### Information provided:

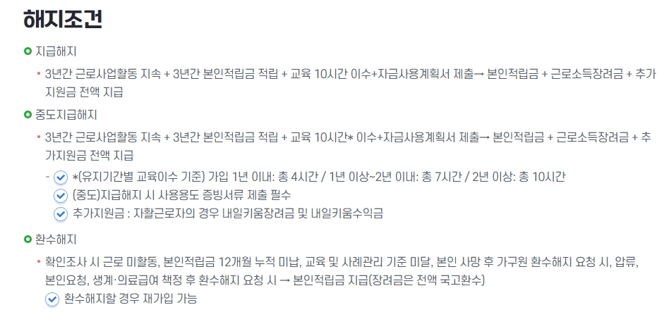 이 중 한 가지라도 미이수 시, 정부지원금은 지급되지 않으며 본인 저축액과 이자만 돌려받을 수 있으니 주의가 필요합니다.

* * *

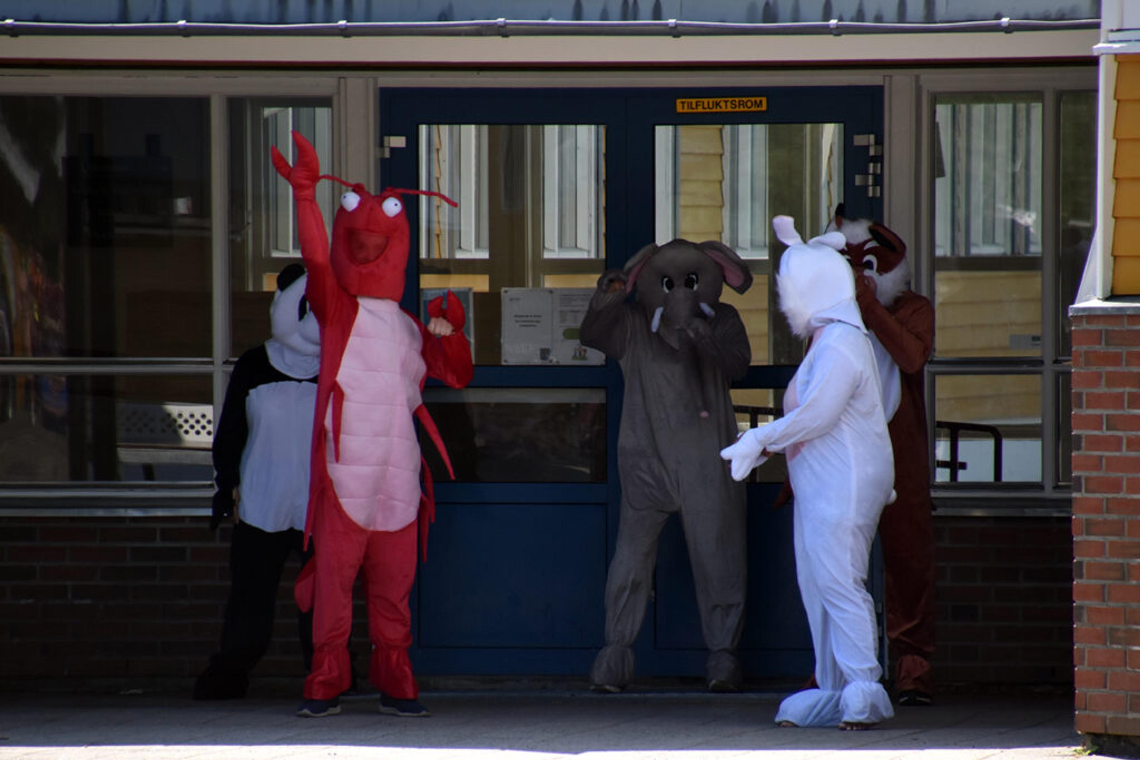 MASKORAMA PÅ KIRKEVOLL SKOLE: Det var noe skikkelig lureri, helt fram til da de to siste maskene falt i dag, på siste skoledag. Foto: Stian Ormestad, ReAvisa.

--

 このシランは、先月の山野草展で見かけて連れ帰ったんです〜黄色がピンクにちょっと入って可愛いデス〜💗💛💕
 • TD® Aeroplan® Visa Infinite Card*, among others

### What you will do:
Retype, in the same exact form, the lines of the material above from the line holding "このシランは、先月の山野草展" through the line holding "Card*, among others".

### Answer section:
 このシランは、先月の山野草展で見かけて連れ帰ったんです〜黄色がピンクにちょっと入って可愛いデス〜💗💛💕
 • TD® Aeroplan® Visa Infinite Card*, among others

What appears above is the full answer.